Read Fake: The Scarab Beetle Series: #3 (The Academy) Online
Authors: C. L. Stone
That didn’t sit well with me, either. I didn’t want anyone to have this core. I didn’t really want it to exist, either.
A few houses later, we found an L-shaped pool and the house that matched the real estate photos, just in a different paint color. The house was three stories, a Cape Cod style, bluish gray slate walls and white trim, with a balcony on the second floor, overlooking a small garden and pool and the beach. It all looked plain, like the other homes, except for the third floor, which was completely glass, gleaming in the sun. A third floor greenhouse? I couldn’t see in from the reflection. It must have been a hot box in the summer.
The extravagance of it seemed to even outdo the neighbors’ ostentatious homes. I imagined the owner could view far out into the ocean and around the island from all angles. That probably meant if anyone was up there, they could see us.
We stood on the beach together, looking at the house. I was trying to identify something that might be the antenna, but nothing stood out to me. It was just a big, fancy house. There wasn’t even a tiny satellite dish or weathervane. The sand from the beach was cut off by a low hedge from the garden and yard. The pool looked clean, with an unrestricted view of the ocean from it. I wondered how they kept local kids from getting in his pool. I guessed local kids probably had their own pools.

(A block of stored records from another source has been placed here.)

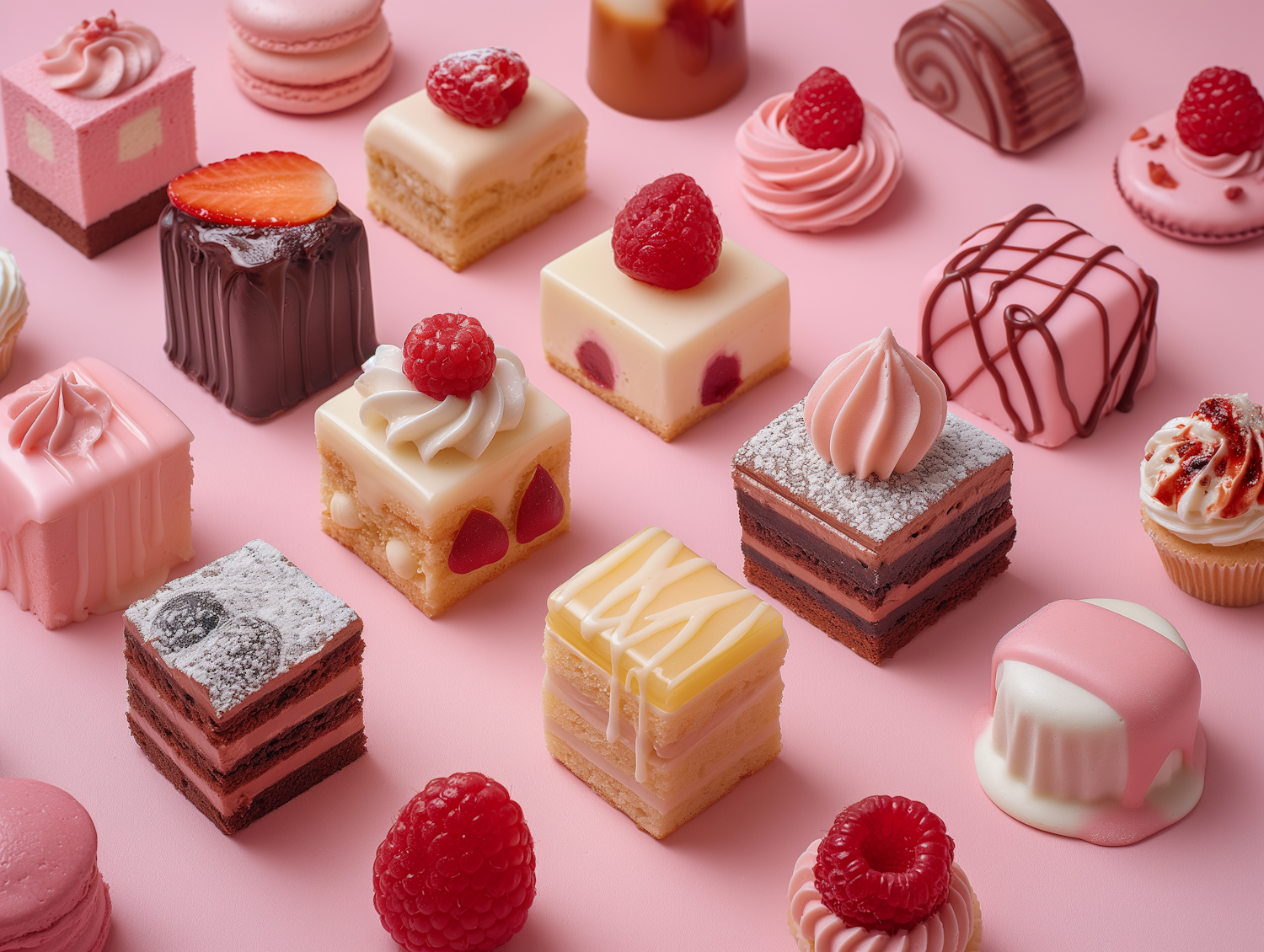 Elegant assortment of mini cakes, pastries, and macarons with vibrant toppings on a pastel pink background.
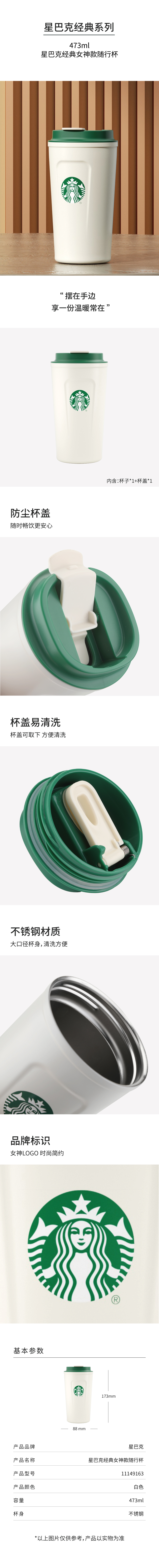 商品名称:星巴克Starbucks经典女神款随行杯11149163(单位:个) 白色
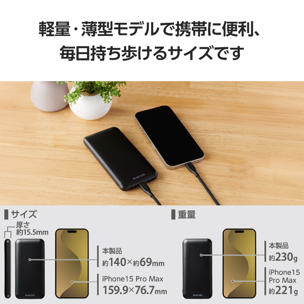 たっぷり使える10000mAhで長時間の外出時も安心。持ち運びしやすい薄型形状のモバイルバッテリーです。

In fact, not a lot of the homes had fences at all. I could look right at the back porch. Most homes had hedges to block of sweeping sands, but that was it. Back doors were exposed. Did they really trust the one security guard in the front to be all the protection they needed? I suspected there were security alarms everywhere. I looked for cameras, not spotting any, but that didn’t mean they weren’t hidden somewhere.
There was a van parked on the driveway, near a side door. It had rolled up backward, facing the road, and the rear doors were open. The back of the van was empty now, so I couldn’t tell what was being delivered.
Brandon whistled, a low one meant just for me to hear. “That’s a big fancy house. Seems bigger than even Coaltar’s.”
“It is bigger than Blake’s,” I said, and then shut the idea of Blake Coaltar out of my mind.
“If this is the house, and there is a core here,” Brandon said, “then we should get inside and look for it. Maybe we can poke around and ask a few questions.”
“Ask questions?” I blinked at him, and took my hand away so I could rub at my tired eyes. “Sure. Let’s just walk in and ask the kids where the secret illegal core is.”
“I meant more like, ‘hey kids, which rooms are you not allowed to go in?’ or ‘which room does daddy yell at you if he finds you in it?’” he said, and smirked. “There’s ways to learn stuff without asking directly.”
“They teach you this in spy school?” I asked.
“You just said the spy word,” he said. He refocused onto the house. I did, too. Maybe Academy spy training taught him how to ask things without asking directly. Wasn’t my thing. I was more for waiting until people weren’t home and then breaking in a window and snooping around.
And exactly how were we supposed to deliver the core anyway? It’s not like we could walk out with it and it’d still be operational. She said she wanted access. It seemed like she needed to give us more direction. But then, she assumed Corey would be able to do it. We needed a Corey.
“We can’t stay too long,” Brandon said. “They might not notice us now, but they will notice if we’re standing here, staring at their house from the beach. We’ll have to move on and come back.”
How were we going to learn anything and get this core if we were going to sneak around? I was about to point this out when a couple of men came out of the side door, returning to the van.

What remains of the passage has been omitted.